Да, завела непогода нашего мечтателя в самую далёкую тьмутаракань. Теперь остаток ночи придётся идти обратно. Серёжа постоял, подумал, пожалел себя, хотел даже всплакнуть немного, но передумал и поплёлся обратно по той же дороге в обратном направлении. Свою очевидную оплошность он сразу попытался свалить на других: «И зачем она мне эту кральку показывала? И всё из–за этих проклятых баб! (Ну, уж это ты, Серёжа, зря! Эти «проклятые бабы» сейчас не спят, ворочаются в своих прогретых постельках и думают, где–то сейчас дорогой их сердцам Серёженька один по глухой тайге шкандыбает!).
Оголодавший совсем (из–за своего горделивого и упрямого характера) и ослабевший из–за длительной ходьбы по болотной грязи Серёжа стал как– то заваливаться набок, потом свернул с дороги, упал в сырую траву и уснул. Проспал он всего несколько минут, потом вскочил как ужаленный электрическим холодом, потёр онемевший и сырой бок и двинул дальше. Так «вырубался» он по крайней мере раз пять, потом где–то далеко между деревьями замелькал долгожданный рассвет, силы снова вернулись к нашему герою, и он пошёл по миассовской дороге уже без остановок. Да и видимость заметно улучшилась. Но, дойдя до ЛЭП, наш герой настолько разочаровался в самом себе, что не пошёл дальше до поворота, а попёр прямо под линией электропередач до самого дома.
Куда заявился наш измочаленный герой только в 10 часов утра. Папа был на службе. А мама и сестрёнка, казалось, начали уже постепенно привыкать к экстравагантным Серёжкиным выбрыкам и эскападам.
Мама сразу же заставила его выпить полную кружку густого смородинного чая. Серёжке немного полегчало. Он сходил в ванную, искупался, переоделся во всё сухое, зашёл на кухню... и с присущей только оголодавшим волкам яростью набросился на стоящие на столе и заполнившие всю кухню всю кухню ароматами домашние деликатесы, главными из которых были настоящие сибирские пельмени...
Едва Серёжка туго набил своё брюхо маминой стряпнёй и хотел было уже отправиться в заслуженные им объятия Морфея, прибежал со службы отец.
– Ну, что, Серёжа, расселся? Быстро одевайся, пойдём в баню – сегодня мужской день.
Пришли в поселковую баню, разделись, залезли в парилке на самую высокую полку, и, как обычно, начали весело и отчаянно «париться»... Потом Серёжке стало плохо (сам же отец всегда учил: с набитым брюхом в баню ходить, а тем более париться нельзя.
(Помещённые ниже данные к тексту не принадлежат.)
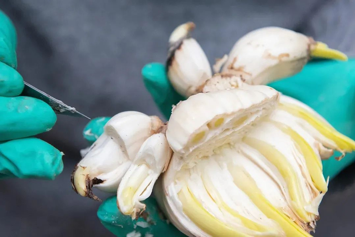 定位开盖后,需要把夹在芽体之间的鳞片一一去除,使各芽体之间有空隙,便于后期对芽苞片、叶片和花梗进行加工雕刻。雕刻时,可使用刻刀的U形刀头伸进各花芽缝间,要小心避免伤到花芽哦。

А тут опять такая промашка вышла... Но всё обошлось. И всё равно, с того памятного случая Сергей Васильевич, как и все прочие осторожные и трусоватые людишки, в баню ходит с сугубой осторожностью, ан а верхние полки уже не залезает).
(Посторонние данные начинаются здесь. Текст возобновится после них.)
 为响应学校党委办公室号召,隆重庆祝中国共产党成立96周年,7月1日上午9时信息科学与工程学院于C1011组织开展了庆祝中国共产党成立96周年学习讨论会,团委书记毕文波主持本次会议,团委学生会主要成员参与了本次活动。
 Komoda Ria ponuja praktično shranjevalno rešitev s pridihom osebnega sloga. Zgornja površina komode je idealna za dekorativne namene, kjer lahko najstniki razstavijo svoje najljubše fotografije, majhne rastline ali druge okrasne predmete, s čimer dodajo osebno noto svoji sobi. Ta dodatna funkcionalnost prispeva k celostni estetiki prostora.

Так начинались у Серёжки школьные каникулы.
Оленька поселилась на другом берегу Кисегача в комфортабельном номере (деньги, говоря откровенно, хороши только тем, что их можно «транжирить», а в остальном они причиняют, даже и самым мудрым людям, сплошной и неисправимый вред). Серёжа периодически ездил к ней «в гости»: или в объезд на мотоцикле или напрямую в лодке по озеру. Везде они побывали. Все сокровенные райские места показал своей подруге бывалый таёжник Серёжка. Словом, отдыхали славно. А когда в конце июля мама, папа и Людочка уехали в отпуск, Серёжа в этот же день, легко обогнув КПП, привёз свою Оленьку прямо в опустевшую без хозяев квартиру. Ольга Юрьевна сразу же сменила свою «курортную форму» на скромную мамину одежду и с радостью вступила в роль «молодой хозяйки». А хозяйство было, как обычно, весьма обширное: двое прошлогодних телят, пара поросят, куры, мотоцикл, лодки, сети, мёрды, грибы, ягоды, сено и прочие простые земные радости для понимающих толк в этой жизни молодых людей.
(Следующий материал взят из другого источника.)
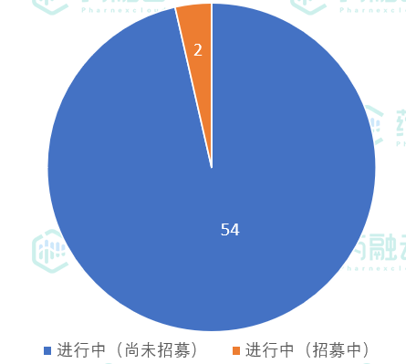 从实验状态来看,56项试验均在进行中,其中54项尚未开始招募,2项试验正在招募中。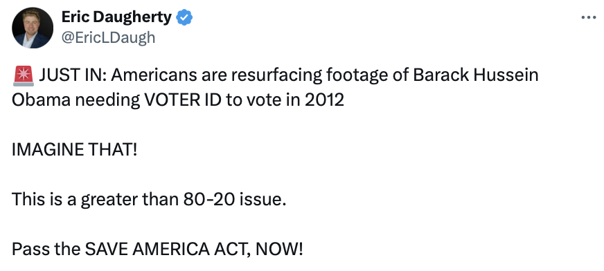 - @realDonaldTrumpFeb 05, 2026, 11:07 AM[EN] Jim Banks Calls for Passage of SAVE America Act to Require Proof of Citizenship to Vote: https://www.breitbart.com/politics/2026/02/04/jim-banks-calls-for-passage-save-america-act-require-proof-citizenship-vote/ [KO] Jim Banks는 투표 시 시민권 증명을 요구하는 SAVE America 법안의 통과를 요구합니다: https://www.breitbart.com/politics/2026/02/04/jim-banks-calls-for-passage-save-america-act-require-proof-citizenship-vote/💬 1292🔁 5189⭐ 18075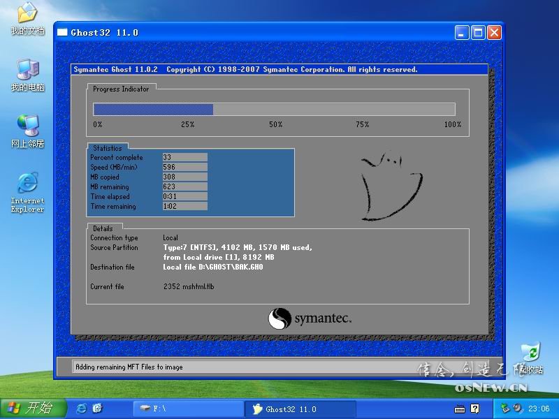 osghost是一個用于對磁盤分區進行一鍵備份或還原的工具。提供多種環境下的操作:win32、winpe、DOS,支持WINDOWS環境下熱備份,完美支持WIN7。

Когда докучливые соседки спрашивали у Серёжи, кто такая хозяйничает в их огороде, Серёжа спокойно и деловито отвечал, что это его двоюродная сестра, приехавшая к ним в гости из Сибири. Соседки, кажется, этим объяснением удовольствовались и отстали от наших, наслаждающихся «семейным счастьем» героев. Лето было прекрасным. Погода стояла отличная. Живите и радуйтесь, незарегистрированные «молодожёны»! вечерами можно было даже и передачи по недавно приобретённому телевизору посмотреть (Тогда телевизоры были в новинку).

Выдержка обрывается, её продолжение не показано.